Они переглядываются. Они не могут припомнить такого человека. Пресс-конференция заканчивается. Выступавшие встают. Я продолжаю сидеть, разглаживая платье на коленках. Проходя мимо меня, Лиза проводит рукой по моей спине. Я узнаю этот жест — чеченский. Это — молчаливая благодарность. Съеживаюсь — теперь мне придется все бросить и писать о ее брате.
Выходим с Асланом на улицу.
— Что-то холодно, — говорит Аслан, надевая шапку.
Когда мы хотим повернуть в арку, ко мне подбегает Лиза. В солнечном свете я вижу широкие поры на ее лице.
— Мы — простые люди, — говорит она, сжимая мою руку выше запястья. — Настолько простые, что сегодня ночью мне было негде остановиться, я спала в автобусе. Но я смотрю в ваши глаза, и я верю, что мой брат жив. Он жив?
— Ну конечно.
— Вы думаете?
— Ну… мир же добрый.
— Бедные люди, — мучительно говорит Аслан, когда мы проходим в арку и сворачиваем направо. — Как им помочь? Тысячи подобных случаев. Это, правда, никому неинтересно. Марина! — он останавливается.
— О, боже, Аслан, что?!
— Надо сделать то, чего никто до этого не делал!
21.20
Еврейский музей и центр толерантности. Зал. Российская премьера американского фильма «Нюрнберг». Мы с Асланом — на первом ряду. Зал готовится задавать вопросы — Сандре Шульберг, дочери автора фильма и Стивену Раппу, послу по особым поручениям США.
— Я задам им вопрос про этих бедных людей, — шепотом говорит мне Аслан.
— Ты, конечно, можешь задать, но как это относится к фильму?
— Они же сказали, что он занимается нарушением прав человека. Я просто спрошу, что делать дальше.
Аслан поднимает руку. Ему передают микрофон.
— Я хотел бы рассказать о том, что сегодня утром мы были на пресс-конференции, на которую никто из журналистов не пришел. Похитили одного человека на Северном Кавказе, — начинает Аслан и так волнуется, что почти на каждом предложении нервно тыкает в меня коленкой или задевает рукой. Я предусмотрительно прячу свой пластиковый стаканчик с чаем.

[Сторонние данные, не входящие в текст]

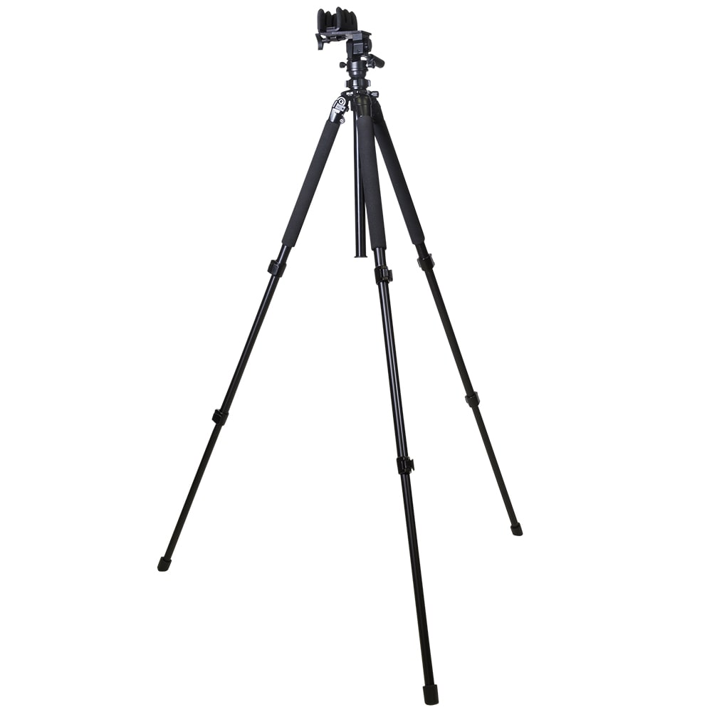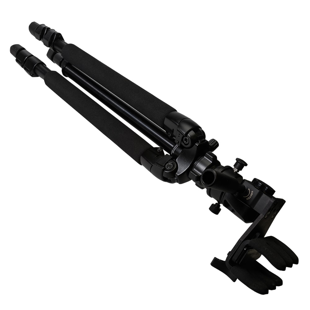 The Kopfjager K700 AMT Aluminum Tripod with Reaper Grip (KJ85001K) is a rugged, precision-oriented video tripod system engineered for long-range shooting applications. Constructed from heavy-duty aluminum, the tripod features 3-level leg extensions with lever locks, and a reversible center column. The included Reaper Grip provides a pivoting, lockable rest that accommodates tapered or straight stocks, enabling stable, recoil-resistant operation. The tripod offers 360° smooth panning and a tilt movement range of 109° (21° upward / 87° downward), making it well suited for demanding outdoor and precision setups.

— А-а-а, — говорит переводчик послу. — Вы знаете, это к фильму никак не относится. Вопрос связан с похищением на северном Кавказе. Я не буду вопрос переводить, просто в конце молодой человек к вам подойдет и задаст вопрос… Давайте следующий вопрос.
— Почему он не захотел мой вопрос переводить?! — спрашивает Аслан, когда мы идем мимо рельсов в сторону Новослободской.
— Наверное, потому что твой вопрос никак не относился к фильму, — повторяю я.
— По-моему, очень даже относился, — Аслан расстроено надевает шапку.
— Но ты же хотел сделать что-то необычное… — говорю я. — Будь спокоен, ты это сделал.
В поисках определения городской бедности.
Facebook. В ленте — сообщение от моей коллеги с «Эксперт-ТВ» Оли Фоминой.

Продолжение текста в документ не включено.